• **Data**:
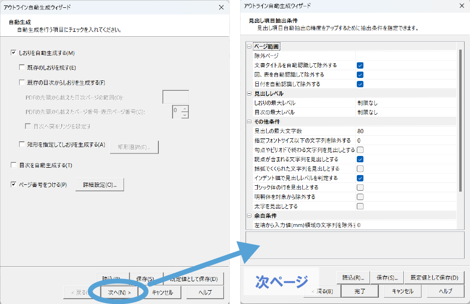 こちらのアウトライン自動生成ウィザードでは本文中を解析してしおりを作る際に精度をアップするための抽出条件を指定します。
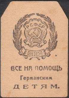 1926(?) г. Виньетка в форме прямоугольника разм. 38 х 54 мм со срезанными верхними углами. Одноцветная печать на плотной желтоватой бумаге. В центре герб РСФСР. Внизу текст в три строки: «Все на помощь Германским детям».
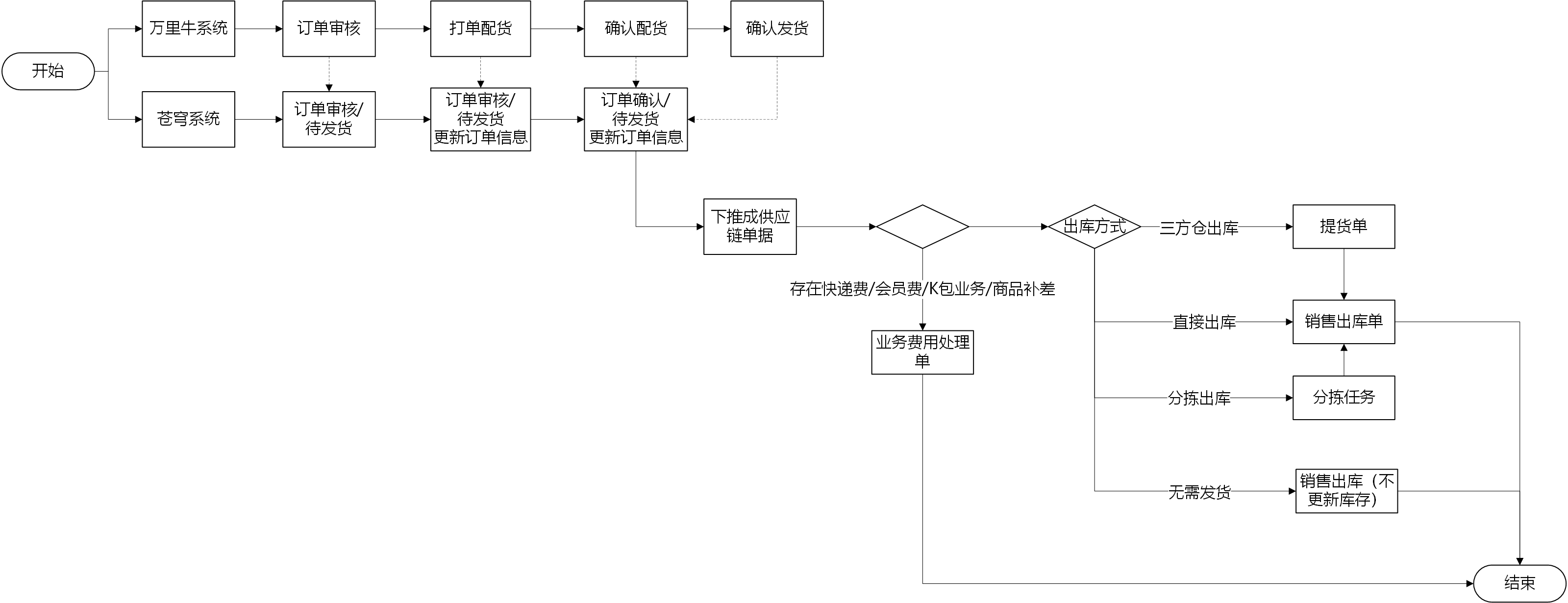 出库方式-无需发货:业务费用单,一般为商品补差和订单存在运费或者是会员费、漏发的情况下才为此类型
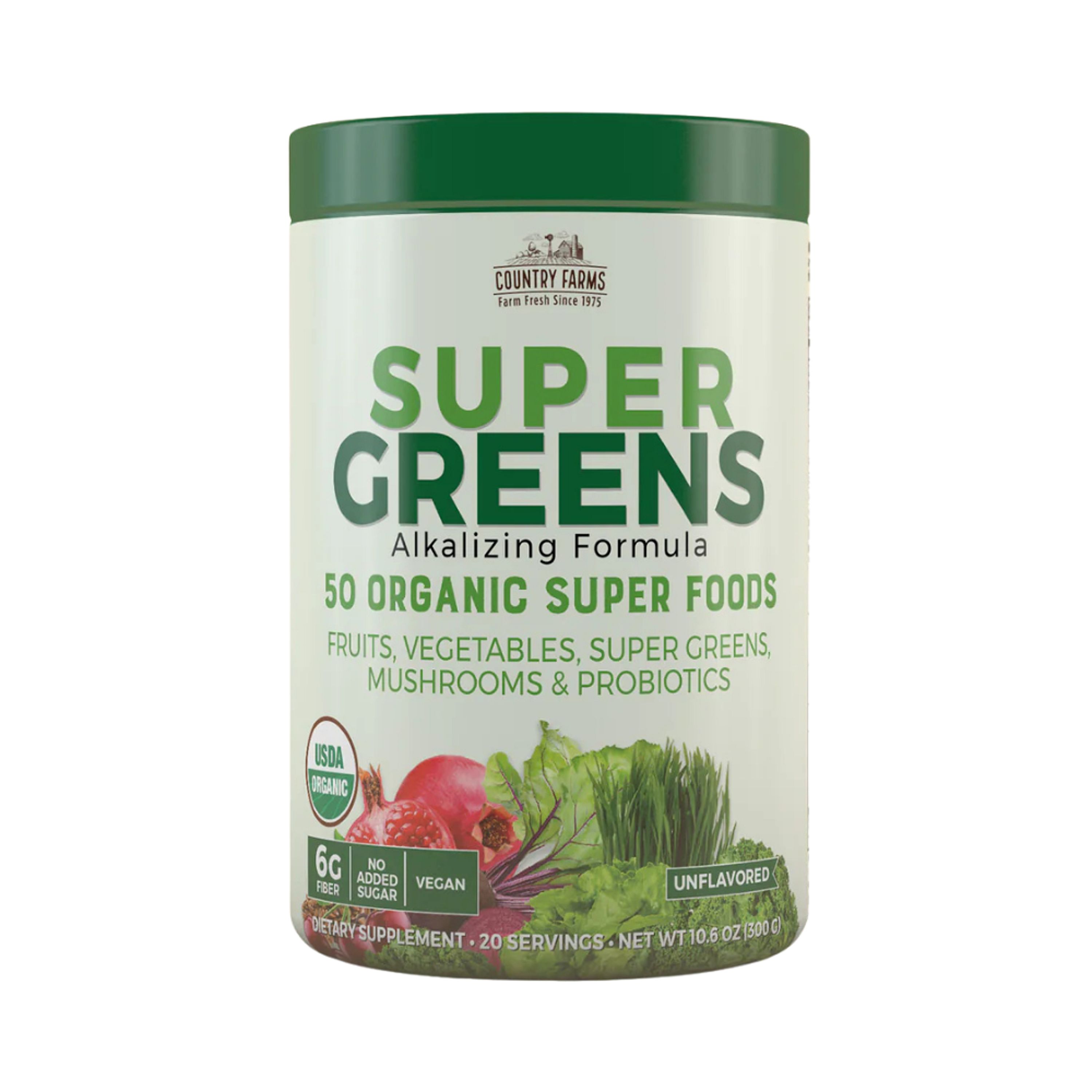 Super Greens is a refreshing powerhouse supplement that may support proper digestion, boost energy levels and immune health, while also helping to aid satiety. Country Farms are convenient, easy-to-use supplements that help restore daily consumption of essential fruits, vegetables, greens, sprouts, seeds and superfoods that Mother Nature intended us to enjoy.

• **Problem details**:
Once more, give the listing above exactly, leaving each picture out.

• **Task result**:
 こちらのアウトライン自動生成ウィザードでは本文中を解析してしおりを作る際に精度をアップするための抽出条件を指定します。
 1926(?) г. Виньетка в форме прямоугольника разм. 38 х 54 мм со срезанными верхними углами. Одноцветная печать на плотной желтоватой бумаге. В центре герб РСФСР. Внизу текст в три строки: «Все на помощь Германским детям».
 出库方式-无需发货:业务费用单,一般为商品补差和订单存在运费或者是会员费、漏发的情况下才为此类型
 Super Greens is a refreshing powerhouse supplement that may support proper digestion, boost energy levels and immune health, while also helping to aid satiety. Country Farms are convenient, easy-to-use supplements that help restore daily consumption of essential fruits, vegetables, greens, sprouts, seeds and superfoods that Mother Nature intended us to enjoy.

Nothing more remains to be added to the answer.